This guy is NAILS on embryonic stem cell research
Posted: Fri Jun 17, 2005 1:56 pm
Jonah Goldberg at National Review Online:
RACK him!!!The OverCell
Federalism and human life.
Do human embryos have a moral status that obliges us to treat them as something a bit more sacred than tinker toys?
My personal answer is yes. But after three decades of debate on life issues, I'm pessimistic that many Americans who disagree can be persuaded otherwise.
The moral status of embryos — like the status of fetuses or teenagers — is ultimately a matter of faith, of first principles. Those who make utilitarian arguments for euthanasia, abortion or, for that matter, genocide can be perfectly "rational" in the sense that they can employ logic with the best of them. They simply start from different moral assumptions. Nazis and Communists killed millions and they could be very logical in their justifications — but logical in that whole evil genius sense. On the other side of the spectrum, pro-life, Buddhist vegans — who literally wouldn't hurt a fly — can be very logical, too. They just follow a different set of assumptions. One could say it's a sign of moral progress that we've at least shunted our debates over who has a right to life to murderers, the unborn and the very, very ill.
Or maybe not. Regardless, the moral debate often overshadows more practical arguments.
During the 2004 presidential campaign, John Kerry and his supporters complained that President Bush had "banned" embryonic-stem-cell research. John Kerry proclaimed, "Here in America we don't sacrifice science for ideology" — a deeply ideological point itself, when you think about it. Ron Reagan, a very liberal former dog-show announcer and ballet dancer who happens to share the name of his late father, was proclaimed a walking profile in courage for exploiting his father's memory in order to support the Democrats on the issue of embryonic stem cell research. At the Democratic Convention, he suggested that if Democrats were in power, then perhaps in a decade or so you could have your very own "personal biological repair kit waiting for you at the hospital." People with Alzheimer's, Parkinson's, or various other calamitous and heartbreaking diseases could simply get an injection and be "cured." It's not "magic," Reagan promised, but simply the "medicine of the future."
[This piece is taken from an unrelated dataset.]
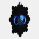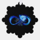 Luminous infinity symbol with glowing, beautiful, lushly blooming rose made of blue flames on black background.

Another popular line of argument was that America would fall behind the rest of world as a leader in science, ceding pole position to Europe, South Korea, or China.
Much of the mainstream media was so convinced by this sort of thinking that for a while political analysts — and the Kerry campaign — were claiming that the stem-cell issue would decide the election for the Democrats.
All of this was suffused with bad faith. Ron Reagan's pandering to the false hopes of desperate families was disgusting. Moreover, Bush didn't ban embryonic-stem-cell research — he regulated federal funding of it. Public funding of adult-stem-cell research and private embryonic-stem-cell research were left untouched.
Meanwhile, an article in the May/June issue of Foreign Policy by Robert L. Paarlberg, reports that America is still leading the world in embryonic-stem-cell research. Many European countries — which were supposed to have eaten our lunch in this area — actually have vastly more restrictive laws than our own. There's been virtually no brain drain of American scientists fleeing to more hospitable climes, while thousands of European scientists have fled their own bureaucratic and restrictive lands to work in America. Pharmaceutical and biotech R&D investment is flying into the United States. And many states, led by California, are spending billions to make up for the perceived shortfall from the feds.
This is the great irony of the whole debate. What offends some liberals is that the federal government isn't involved — and the federal government should do whatever they think is good. Leaving this to the states and the private sector is just too unsatisfying. Meanwhile, some pro-life conservatives who would like to see a far more comprehensive ban on the practice are largely powerless to affect the course of the research at all now that it's out of Washington's hands.
And that's as it should be. Federalism — sending tough issues to the lowest, most local levels possible — is the best compromise one can ask for when dealing with such issues. The alternative is to ask the federal government almost literally to split the baby. Sure, more federal funding might advance the science a bit faster. But the current system has one great advantage. It doesn't force people who think human life is precious to pay for its destruction.